The Lakewood Citizens for Responsible Traffic (LCFRT) mounted a campaign to change TxDOT and the City of Dallas’ preferred option, called a “Reverse T,” which gets rid of the protected right turns from Garland to Gaston and the straight shot from Grand to Garland. LCRFT’s signs a mailers are asking neighbors to keep their kids and streets safe by avoiding “Option 2,” which they believe will divert more traffic onto Gaston, which already bears the weight of more vehicles than it was meant to handle.
TxDOT maintains that the two designs will not affect traffic flow, and that traffic will steadily and equally increase in both designs.
Although there are no alternate designs on the table as far as TxDOT is concerned, LCRFT is pushing for the the intersection to be a more traditional T intersection that doesn’t curve and point traffic toward Gaston. During the original meeting, this design was called “Option 1.”
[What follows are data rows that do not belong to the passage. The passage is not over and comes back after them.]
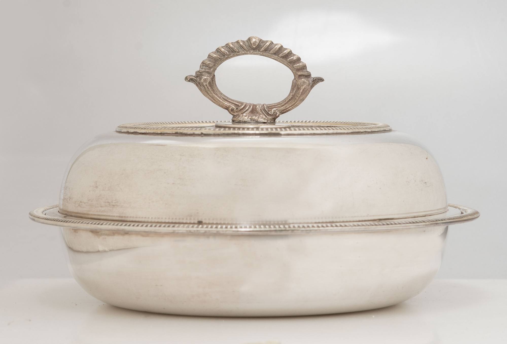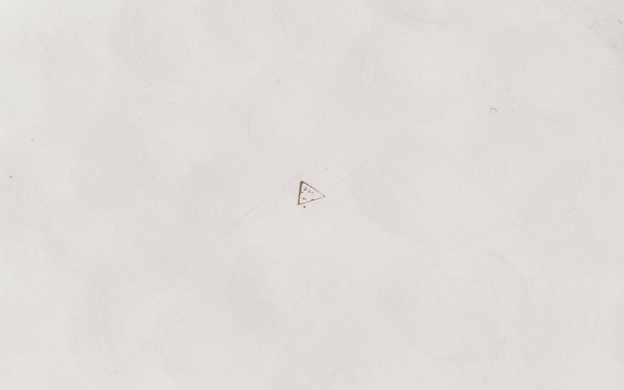 Realizzata in metallo argentato. Sotto la base reca un punzone parzialmente leggibile doppio triangolare, attribuibile all’Old Sheffield Plate. Peso: 906 gr.
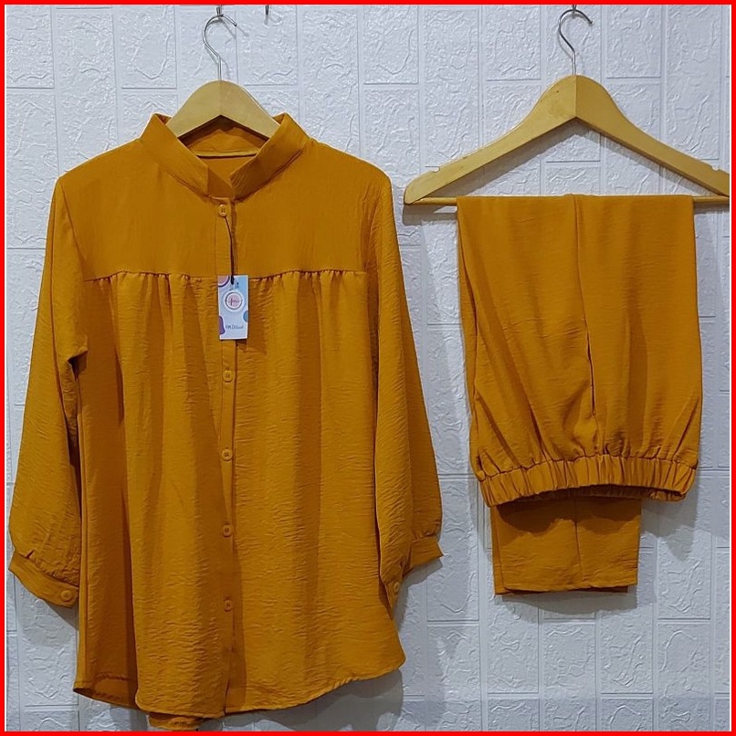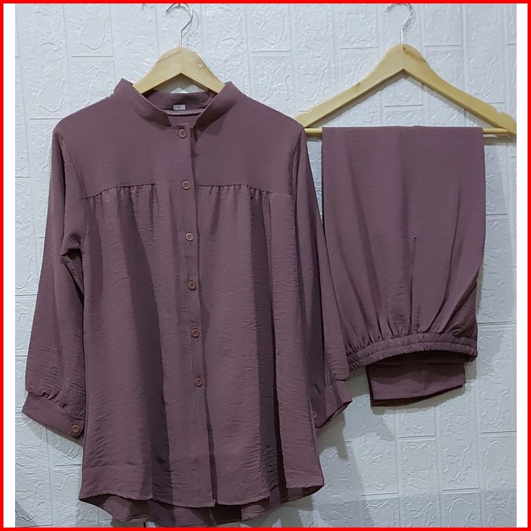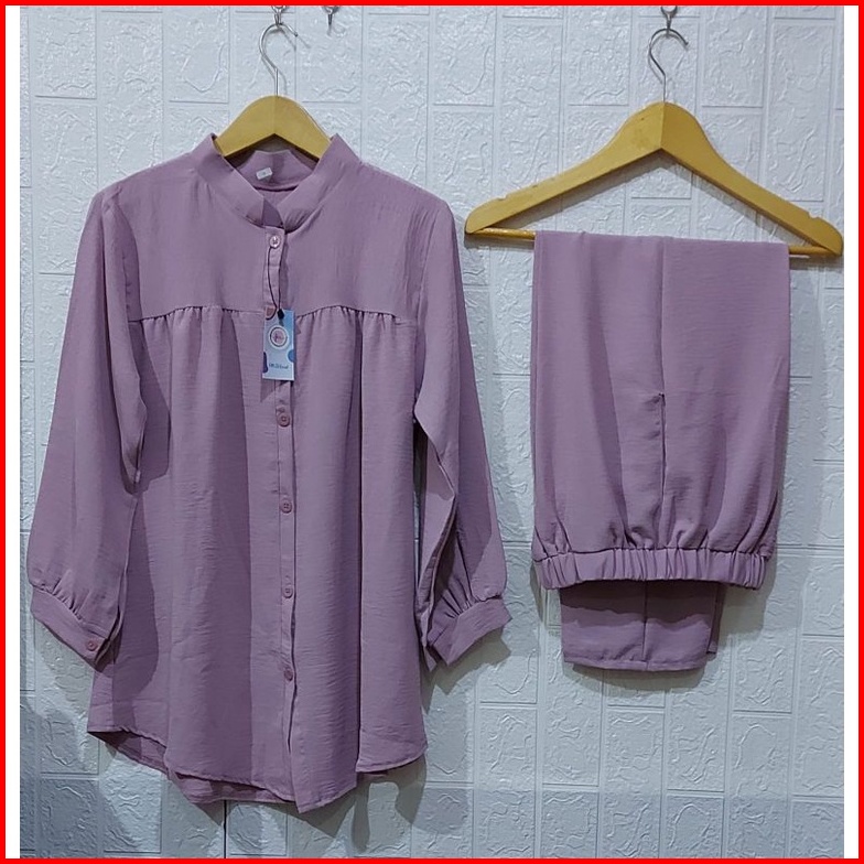 One Set Rayon Crinkle Airflow Setelan Setelan Rayon Crinkle Airflow Dress Rayon Setelan Rayon Busui Friendly Piyama Prem
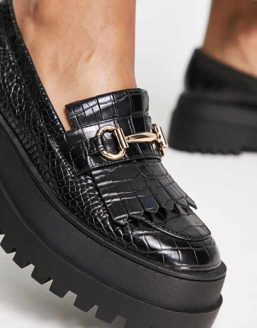 London Rebel wide fit snaffle apron loafer in black croc Very well made.
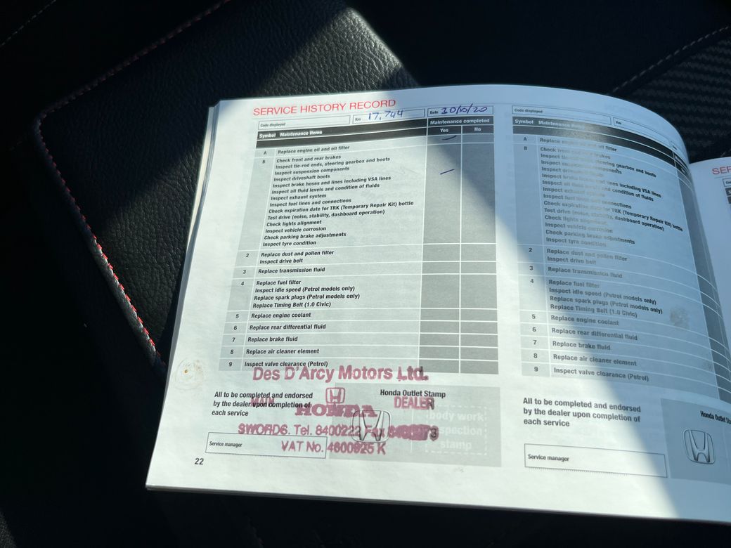 JUST ARRIVED!! This HONDA CIVIC SALOON SMART PLUS 1.0 PETROL.. In stunning condition inside and out.. A fantastic car to drive.. It comes with a huge spec including.. Call ANDREW RYAN for more info on Ph 0851259422 or email andrewryan@evramotors.ie - Digital Drivers Display - Reverse Camera - Parking Sensors - Android/Apple Carplay - Adaptive Cruise Control - Sat Nav - Media Touch Screen - Air Con - Bluetooth - Multi Function Steering Wheel ***NEW NCT INCLUDED***TAX €190 PER YEAR*** Here at Evra Motors we have a friendly knowledgeable sales team with over 20 years experience in the business. We are proud to be an AA Approved dealer with peace of mind as standard. We aim to stock a wide range of over 300 carefully selected premium AA Approved used cars all sourced directly from main dealerships here in Ireland. We aim to supply all our cars at the most competitive prices in the country. Extended warranty available on certain makes and models. Delivery can be arranged throughout the country. Each of our retail cars comes with a detailed history report and fully serviced or health checked by our in house service team of mechanics, a valid NCT will be provided and every car will be valeted prior to collection. Tailored finance packages available. We are open 6 days a week. For more information on our cars please contact ANDREW RYAN on Ph 0851259422 or email andrewryan@evramotors.ie Due to a high turnover in stock we recommend that you contact our sales team to make sure the car is still available and to make an appointment.
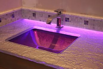 Érdemes megvilágítani a konyhapultokat is, még egyedibb hatást érünk el, ha maga a pult nem valamilyen kőből van, hanem üvegfelület.
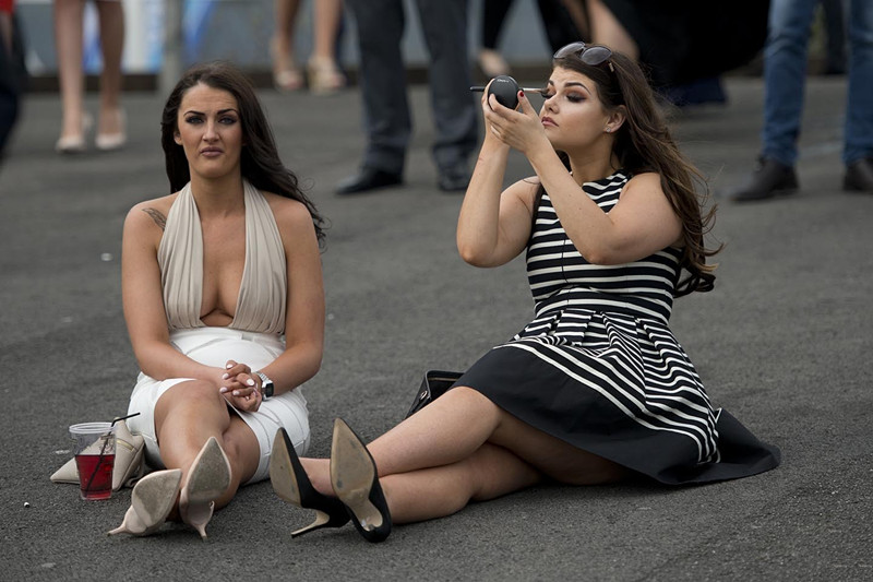 英「女性の日」 酒に酔った女性たち。 イギリス・リヴァプールにあるエイントリー競馬場で4月10日、障害競走・グランドナショナルが行なわれ、大会前日の「女性の日」には多くの女性が盛装して参加した…

But if the traffic coming on southbound Garland doesn’t turn onto Gaston, then it continues down Grand toward I-30. In a recent email sent out by the Hollywood Santa Monica Neighborhood Association, the board set out to clarify to the situation for their neighborhood. They list TxDOT’s advantages for the preferred redesign, including landscape opportunities, improved pedestrian safety, trail access and increased sidewalks, eliminating the northbound left turn yield and the free flow movements that currently exist.
The email also discusses the impact of LCRFT’s preferred Option 1. “While the general structure is similar to the intersection’s current layout, it would drive more traffic down East Grand Avenue, through school zones where four elementary schools are located, next to the Samuel Grand Recreation Center, and potentially through neighborhoods such as Lakewood Hills and our own — the increase in neighborhood traffic coming from drivers seeking a cut-through to Abrams Road or back to Gaston.”
Understandably, no one wants more traffic in their neighborhood, but with Dallas continuing to grow and East Dallas growing in popularity, it seems inevitable. TxDOT and government leaders have the unenviable task of satisfying constituents with both passionate and oppositional opinions on the matter. Some want traffic to go this way, others want it to go that way, while still others say we are all missing the point and should be looking to improve public transportation and cycling opportunities.
Another meeting about the intersection is planned for the fall. City leaders Mark Clayton and Philip Kingston say they are working on a compromise for the design, while TxDOT says that the city has already approved Option 2.